All commands assume you are at the repo root with .venv activated.

One-shot demo prep (recommended before showing a judge)

# Trains models + runs all three backtests. ~3-5 min total.
make demo
# or, if make isn't available:
python scripts/evaluate_model.py --no-shap
python scripts/backtest_recommender.py
python scripts/backtest_similarity.py
python scripts/backtest_urgent_demand.py

Then open the app in two terminals:

# Terminal 1 — FastAPI (models + Gemini chatbot bridge) on :8000
make api

# Terminal 2 — React frontend on :8080
make ui

Individual commands

# Train + diagnose all 3 framings × 3 model variants (~2-3 min)
python scripts/evaluate_model.py
python scripts/evaluate_model.py --no-shap         # skip SHAP for speed
python scripts/evaluate_model.py --tune --trials 60  # re-tune via Optuna (~15 min)

# The three held-out backtests
python scripts/backtest_recommender.py     # within-day reorder (predicted lift)
python scripts/backtest_similarity.py      # optimizer agreement vs realised OEE
python scripts/backtest_urgent_demand.py   # rule-layer counterfactual (headline)

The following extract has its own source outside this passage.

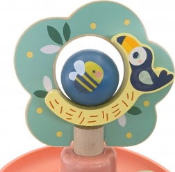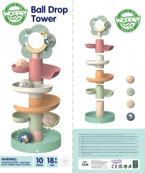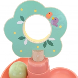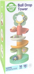Pista de bile din lemn WOOPIE GREEN, în nuanțe naturale și pastelate, aduce copiilor îndrăgitul joc cauză–efect: pune bila sus și urmărește cum se rotește pe niveluri până la bază. Construcția stabilă, marginile netede și bilele cu imprimeuri de animăluțe asigură o joacă sigură și captivantă.

# 12-panel data post-mortem
python scripts/eda_report.py

React frontend + FastAPI bridge

The React app (web/) is the only UI now — it talks to the Python models through api/server.py. The API loads the Combined (XGBoost + CatBoost) ensemble by default; fall back is CatBoost, then XGBoost.

URL What it shows
/ Home — today's Gantt across L14/L17/L19 + day highlights
/forensic Historical OEE per line + worst-decile transition heatmap
/optimizado Plan A (alternated baseline) vs Plan B (brand-grouped) with real /simulate predictions
/urgente Insert urgent SKUs, see per-rule evidence flags from /urgent
floating bot button Ask LineWise — Gemini-powered assistant streaming from /chat

The frontend resolves the API URL from VITE_API_URL — copy web/.env.example to .env.local if you change the port.

Enable the Gemini chatbot

echo "GOOGLE_API_KEY=your-gemini-api-key" >> .env
make api    # restart so the API picks up the env var

Then click the bot button in the bottom-right of the React app. The dot is green when the assistant is reachable and amber when offline (e.g. key missing) — the offline reason is shown inline.

Docker (one command, no local Python or Node needed)

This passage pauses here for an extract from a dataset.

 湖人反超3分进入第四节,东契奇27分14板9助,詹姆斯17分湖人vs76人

The whole stack — Python ML backend + React frontend — runs in two containers wired together by docker-compose.yml.

# Optional: enable the chatbot
echo "GOOGLE_API_KEY=your-gemini-key" > .env

# Build + launch both services in the background
make docker-up           # or:  docker compose up --build -d

# Open the app
open http://localhost:8080
Service Container Port What it runs
api linewise-api 8000 Python 3.11 + uvicorn + the Combined ML ensemble + the Gemini bridge
web linewise-web 8080 Node 22 + Vite dev server serving the React UI

The first build downloads ~1.2 GB of Python ML wheels (catboost / xgboost / shap / ortools) and ~250 MB of npm modules; subsequent builds reuse the layer cache and complete in seconds.

make docker-logs         # tail combined logs
make docker-down         # stop and remove containers
make docker-rebuild      # force a fresh build (no cache)

Customise ports / API URL by exporting env vars before bringing the stack up:

API_PORT=9000 WEB_PORT=3000 VITE_API_URL=http://localhost:9000 \
  docker compose up --build

The four routes of the React app

  1. / — Home — line KPIs and today's Gantt across L14/L17/L19 with brand colours and risk bands.
  2. /forensic — Cockpit Forensic — historical OEE per line, inefficient-transition heatmap, drill-down per shift.
  3. /optimizado — Plan Optimizado — two candidate weekly sequences run through the real /simulate endpoint, with KPI deltas, drag-to-reorder, and accept-into-store.
  4. /urgente — Demanda Urgente — drop urgent SKUs into a queue, replan against the live plan via /urgent. Format-incompatible lines filtered; per-rule evidence flags (low-OEE, friction, cross-format) visible in the breakdown.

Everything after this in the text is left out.